Although this is a very bright, intelligent book – midway between treatise and novel – it isn’t unfeeling or distant or dry: Sontag has immense empathy for her characters and their age. Thanks to her little details dropped in here and there, I’m now itching to read more about the Grand Tour, the early days of the British Museum and William Beckford. She teases every nuance out of situations, considering them from every angle, and as she tells the classic story of a love triangle she manages to make each of her three protagonists equally fallible, equally understandable, equally blessed and humane and flawed. I don’t think I’ve read any other book where the members of a ménage à trois have been so preoccupied with being decent to one another. In a way, she manages to drag the story back from the scandal which it became afterwards, encouraging us to see each of the participants as individuals and victims.
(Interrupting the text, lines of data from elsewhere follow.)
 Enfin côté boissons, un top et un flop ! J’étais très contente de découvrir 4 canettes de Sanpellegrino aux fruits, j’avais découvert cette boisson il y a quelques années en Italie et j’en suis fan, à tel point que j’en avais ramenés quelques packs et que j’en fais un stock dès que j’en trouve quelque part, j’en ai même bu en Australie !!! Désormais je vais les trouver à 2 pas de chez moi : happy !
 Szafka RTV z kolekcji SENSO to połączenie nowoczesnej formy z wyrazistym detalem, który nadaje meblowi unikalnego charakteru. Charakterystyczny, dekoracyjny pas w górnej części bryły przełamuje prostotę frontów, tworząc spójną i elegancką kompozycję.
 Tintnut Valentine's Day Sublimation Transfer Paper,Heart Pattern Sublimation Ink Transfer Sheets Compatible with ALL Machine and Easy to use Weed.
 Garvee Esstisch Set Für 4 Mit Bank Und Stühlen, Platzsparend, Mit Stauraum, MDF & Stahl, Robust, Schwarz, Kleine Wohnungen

This is a book to read slowly and savour; it makes you think, but it does so very elegantly. Having become immensely familiar with the features of Emma Hamilton over the years, thanks to the number of Romney paintings scattered through England’s country houses, I was pleased to finally learn a bit more about her. Funnily enough, of the three members of the love triangle, she’s the one I didn’t really feel that I understood; and I think that was deliberate on Sontag’s part. Whether it’s historically accurate or not, I don’t know, but her Emma is an empty vessel who is filled with the enthusiasms, passions and concerns of those around her. Charming and eternally desperate to please, she ends up not having any great foundation for her own happiness.
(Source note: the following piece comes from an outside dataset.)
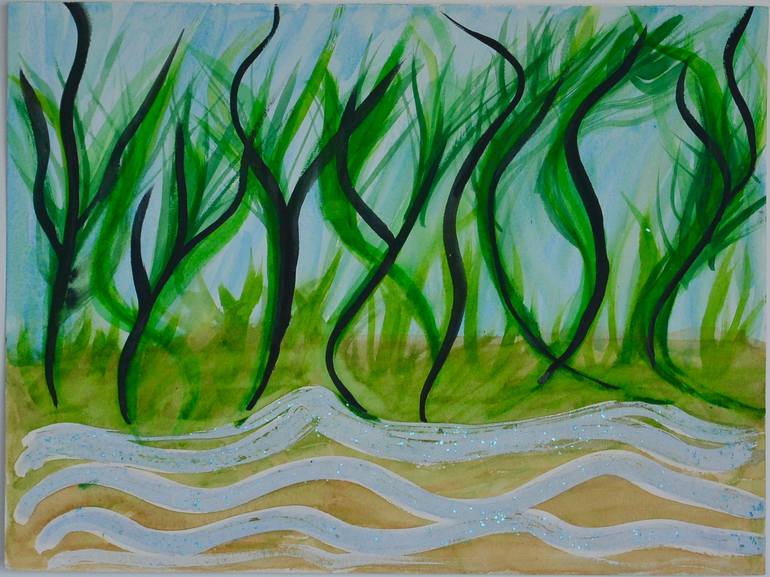 If you dive off the island of Menorca, you can observe how these algae dance on the seabed. The greenest are the youngest, becoming darker over time... I wanted to imitate that movement through my first oil painting. It's a piece of cardboard painted in oil, and the shiny dots are real algae, made...

Sontag contrasts her to the Neapolitan poet Eleonora de Fonseca Pimentel, who provides a passionate counterpoint to the self-indulgence of the three lovers. Inspired with revolutionary fervour, Eleonora is one of the leaders of Naples’s short-lived Republic, which is eventually crushed by Nelson and Cardinal Ruffo. Sontag offers her as a mirror of Emma – Emma, who is feminine, appealing, flattering and defined by the fact she is a woman; Emma, who is excellent at everything she tries her hand at, but who is sometimes careful not to be too excellent, lest she become threatening; Emma, who, without her lovers and her beauty, has no respect for herself. Eleonora offers a cry for a different form of womanhood, and it seems obvious to me that she represents Sontag’s own opinion. It’s an interesting conclusion to a book which isn’t obviously feminist, and a rather appropriate foil for the famous Lady Hamilton:
I was independent. I had not sacrificed my mind to some trivial idea of my sex. Indeed I did not think of myself as a woman first of all. I thought of our just cause. I was glad to forget I was only a woman… I wanted to be pure flame.